OpenAI Real-Time API
Using jambonz to connect custom telephony to OpenAI’s Real-Time API
The jambonz application referenced in this article can be found here.
This is an example jambonz application that connect to the OpenAI Realtime API and illustrates how to build a Voice-AI application using jambonz and OpenAI.
Authentication
You must have an OpenAI API key that has access to the Realtime API. Specify it as an environment variable when starting the application.
Configuring the assistant
All of the configuration (in fact, all of the relevant code) can be found in this source file. This is the file you will want to edit as you play with this example.
You can see that application first answers the call, pauses one second, and the connects to the OpenAI Realtime API
using the jambonz llm
verb. We specify the vendor and model, and provide options specific to that
LLM (in this case gpt-4o-realtime-preview-2024-10-01) in the llmOptions
property.
In the case of the OpenAI Realtime API, configuration is provided in the form of the response_create and session_update client events that are sent to OpenAI. These specify the instructions to the assistant as well as things like vad and function calling options.
Function calling
The example illustrates how to implement client-side functions and provide them to the assistant.
In this example, we implement a simple “get weather” function using the freely-available APIs from
open-meteo.com. The function is described in the session_update client message,
and a toolHook
property for the llm verb defines the hook that will be called in the application when
the LLM wants the application to call a function. Finally, the session.sendToolOutput()
method is called
to send the results of the function call back to the LLM.
Interrupting the assistant
When the user begins speaking over the assistant (i.e. “barge in”) jambonz sends a response.cancel client event to interrupt the assistant. Any queued audio that has been received from the assistant is flushed.
Events
There are 28 server events
that OpenAI sends, and your application can specify which it wants to receive.
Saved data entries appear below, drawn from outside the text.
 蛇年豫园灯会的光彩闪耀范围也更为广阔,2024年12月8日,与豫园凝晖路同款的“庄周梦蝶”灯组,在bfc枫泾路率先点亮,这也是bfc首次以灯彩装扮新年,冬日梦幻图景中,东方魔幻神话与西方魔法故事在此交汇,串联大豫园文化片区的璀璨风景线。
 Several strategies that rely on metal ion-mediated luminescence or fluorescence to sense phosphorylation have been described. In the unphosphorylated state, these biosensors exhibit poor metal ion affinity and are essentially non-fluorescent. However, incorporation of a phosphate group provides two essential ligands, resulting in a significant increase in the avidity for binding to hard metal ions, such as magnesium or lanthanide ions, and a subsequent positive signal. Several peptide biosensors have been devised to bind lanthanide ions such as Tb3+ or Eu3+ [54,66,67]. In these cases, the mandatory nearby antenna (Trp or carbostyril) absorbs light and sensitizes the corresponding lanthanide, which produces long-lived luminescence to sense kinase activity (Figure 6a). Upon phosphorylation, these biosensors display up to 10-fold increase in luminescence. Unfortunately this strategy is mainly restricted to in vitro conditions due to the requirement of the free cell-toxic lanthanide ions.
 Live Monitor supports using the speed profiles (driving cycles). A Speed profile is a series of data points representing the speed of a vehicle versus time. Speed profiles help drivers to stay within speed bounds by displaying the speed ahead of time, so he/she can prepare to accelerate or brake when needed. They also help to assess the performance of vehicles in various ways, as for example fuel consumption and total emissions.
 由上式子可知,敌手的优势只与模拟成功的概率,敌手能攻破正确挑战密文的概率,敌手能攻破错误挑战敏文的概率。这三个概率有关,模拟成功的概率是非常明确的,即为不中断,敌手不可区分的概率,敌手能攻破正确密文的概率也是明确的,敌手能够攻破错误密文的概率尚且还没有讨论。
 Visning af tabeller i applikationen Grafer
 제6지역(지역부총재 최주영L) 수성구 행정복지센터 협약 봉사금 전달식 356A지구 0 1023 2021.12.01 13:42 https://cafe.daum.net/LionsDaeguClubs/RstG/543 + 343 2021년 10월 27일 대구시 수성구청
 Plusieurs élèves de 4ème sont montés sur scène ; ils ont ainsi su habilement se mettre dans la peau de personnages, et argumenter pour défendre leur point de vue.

(The only exception is the response.audio.delta
server event, because this contains actual audio content that jambonz itself processes).
You specify which events you want to receive in the events
property of the llm
verb,
and as you can see in the example you can use wildcards to include a whole class of server events
(e.g. “conversation.item.*“).
actionHook properties
Like many jambonz verbs, the llm
verb sends an actionHook with a final status when the verb completes.
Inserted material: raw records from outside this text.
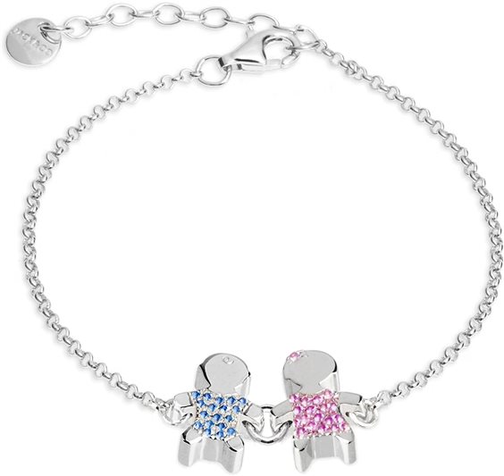 Bracciale in argento con due bimbi uno rosa e uno azzurro. Catenella finale per agganciarlo a piacere.
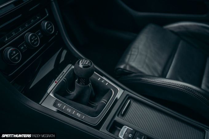 If there’s one area the Golf R falls down on from factory, it’s the seats. Donal has replaced his with a matching pair of leather VW/Audi Exclusive wingback Recaros, while also choosing to upgrade the rear shells to carbon fibre. The Alcantara-trimmed OE steering wheel matches the custom shift gaiter.
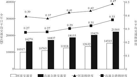 2008—2012年全國國道與高速公路日平均交通量及年平均交通擁擠度
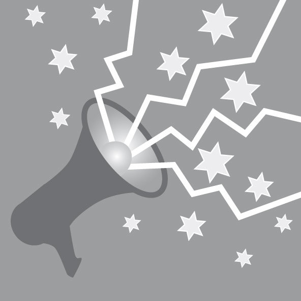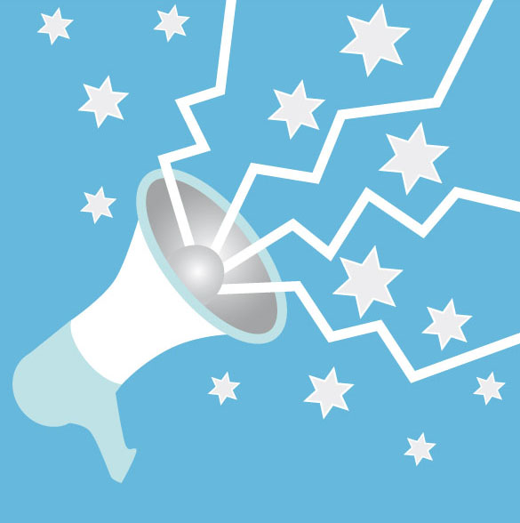 Diseño gráfico con la ilustración de un altavoz con estrellas y líneas que simulan el ruido y alto volumen de sonido
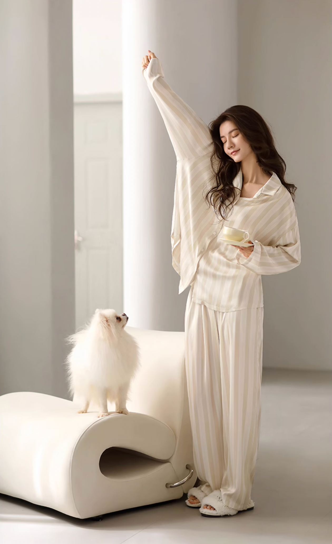 Indulge in the gentle comfort of Nái 奶, a loungewear set designed for those who appreciate softness, warmth, and understated elegance. Crafted from a modal-cotton blend, this set offers a luxurious silky touch while maintaining breathability for all-day ease. The creamy beige tones and subtle striped pattern evoke a sense of tranquility, making it perfect for lounging at home or casual wear.

The payload will include a completion_reason
property indicating why the llm session completed.
This property will be one of:
- normal conversation end
- connection failure
- disconnect from remote end
- server failure
- server error
In the case of an error an error_code
object is returned.
We use this, for example, in this sample application to detect if the user’s
OpenAI’s rate limits have been exceeded so as to notify them why the session is ending.